# Karabinerwirbel vs. Einschlaufen in den Wirbel



## Katteker (20. April 2011)

Moin.

Die "Schlaufe zu Schlaufe" Verbindung ist ja recht bekannt. 

Nutzt jemand die gleiche Technik um z.B. fertige Vorfächer direkt mit dem Öhr eines Wirbels zu verbinden? Man könnte so recht schnell die Vorfächer wechseln, ohne jedes mal einen neuen Knoten ans Öhr des Wirbels zu machen. So könnte man ja auf den Karabiner verzichten.

Wie stark ist der Tragkraftverlust der Schnur beim Einschlaufen im Vergleich zum Anknoten? Gibt es einen Unterschied bei Geflecht und Mono?

Hintergrund:
Ich hab bei den meisten Vertüddelungen beim Auswerfen den Karabiner des Wirbels im Verdacht, da er sehr beweglich ist und beim Wurf gerne schlackert.

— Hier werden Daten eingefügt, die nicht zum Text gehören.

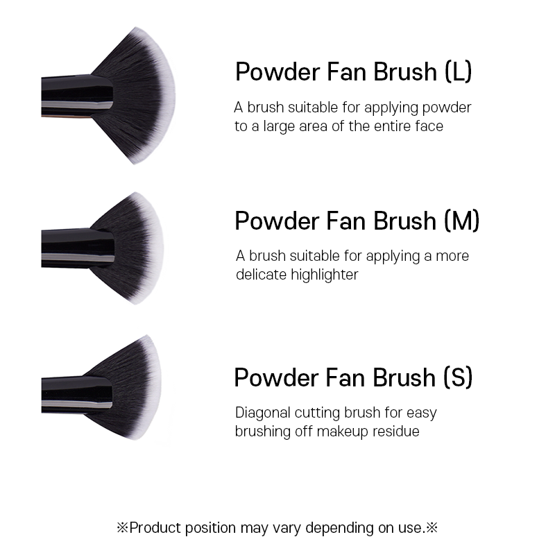 | Description | ▶ Product Features - Possible to change hair, ferrule, handle color and material - Possible to print own logo ▶ Lead time - It takes 6~70 days ▶ Product color - Hair: Black & White - Ferrule+Handle: Gray & Black ▶ Product size 1. Powder fan brush (L) : Hair 32mm / Ferrule+Handle 120mm 2. Powder fan brush(M) : Hair 25mm / Ferrule+Handle 120mm 3. Powder fan brush(S) : Hair 20mm / Ferrule+handle 110mm |
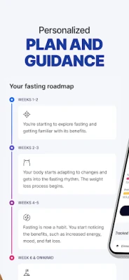 - Constant motivation and support through a built-in nutrition tracker and a fasting timer that build long-lasting habits.
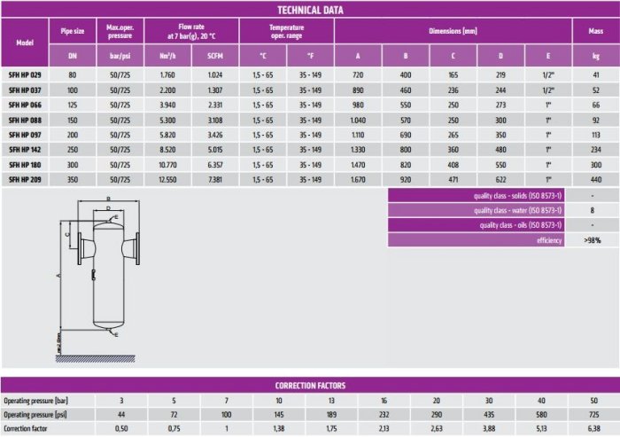 SFH HP welded high pressure condensate separators are designed for high efficient removal of bulk liquids and large impurities from high pressure compressed air systems up to 50 bar. The insert inside the housing creates controlled rotation of the air flow. Centrifugal flow of liquids (water, oil) and large particles is forced to the housing wall, slowed down and accumulated at the bottom of separator housing as condensate. The turbulent free zone in the lower part of the cyclone housing prevents condensate from being picked up and “carried over” into the airstream. To discharge condensate from the SFH HP cyclone separator it is essential to install automatic or electronic condensate drain.
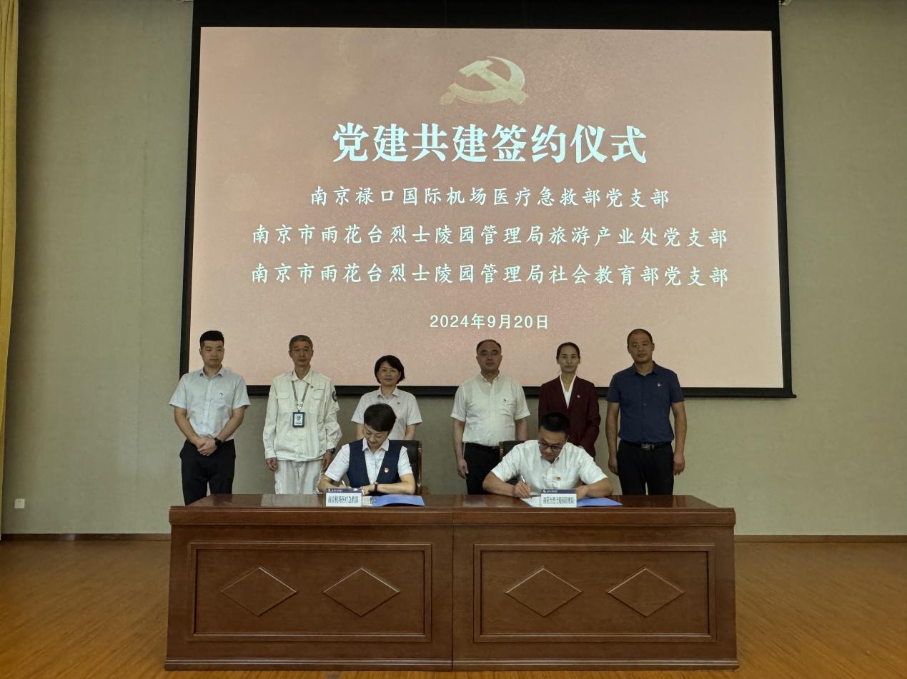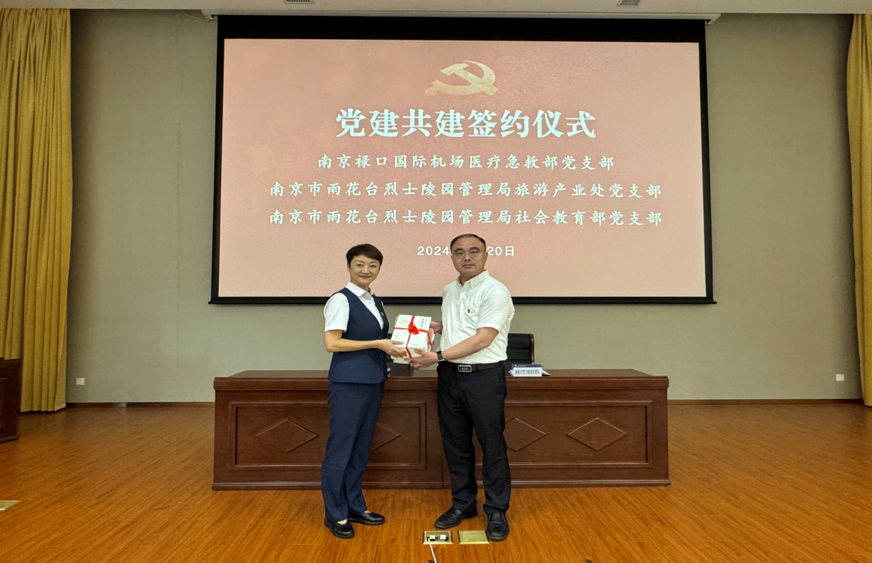 为推动党建工作与红色旅游、红色教育深度融合,充分发挥双方资源优势,雨花台烈士陵园管理局旅游产业处党支部、社会教育部党支部与南京禄口国际机场医疗急救部党支部签订共建协议,并向对方赠送雨花英烈书籍。双方进一步构建“资源共享、党建共建、优势互补、协调发展”的党建工作新格局,在党性教育和革命精神传承上走深走实。签约活动后,与会党员实地参观南京禄口国际机场TOC运行调度室、机坪塔台和机场文旅服务中心。
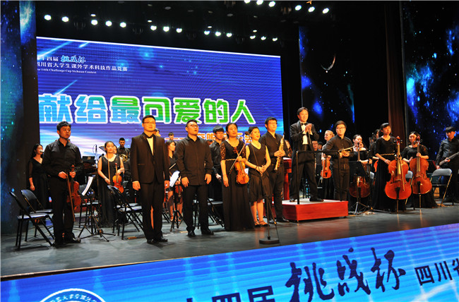 为感谢为第十四届“挑战杯”四川省大学生课外学术科技作品竞赛决赛辛勤付出的各主办、承办单位的每一位领导、老师、参赛学生,志愿者,我校组织音乐学院青年交响乐团于6月11日晚7:30至8:30在学校实训楼多功能厅举办了专场交响音乐会——献给最可爱的人。

Jetzt suche ich eine alternative Befestigungsmöglichkeit, ohne auf den Wirbel zu verzichten und trotzdem schnell Vorfächer wechseln zu können.

Gruß
Katteker


----------



## Ralle 24 (20. April 2011)

*AW: Karabinerwirbel vs. Einschlaufen in den Wirbel*

Außer beim Stippen möchte ich auf den Wirbel nicht vrzichten. Zum einen, weil er etwas gegen das verdrallen hilft, zum anderen weil Vorfach und Hauptschnur oft sehr unterschiedliche Stärken haben und die dünnere Schnur die dickere einschneiden könnte. 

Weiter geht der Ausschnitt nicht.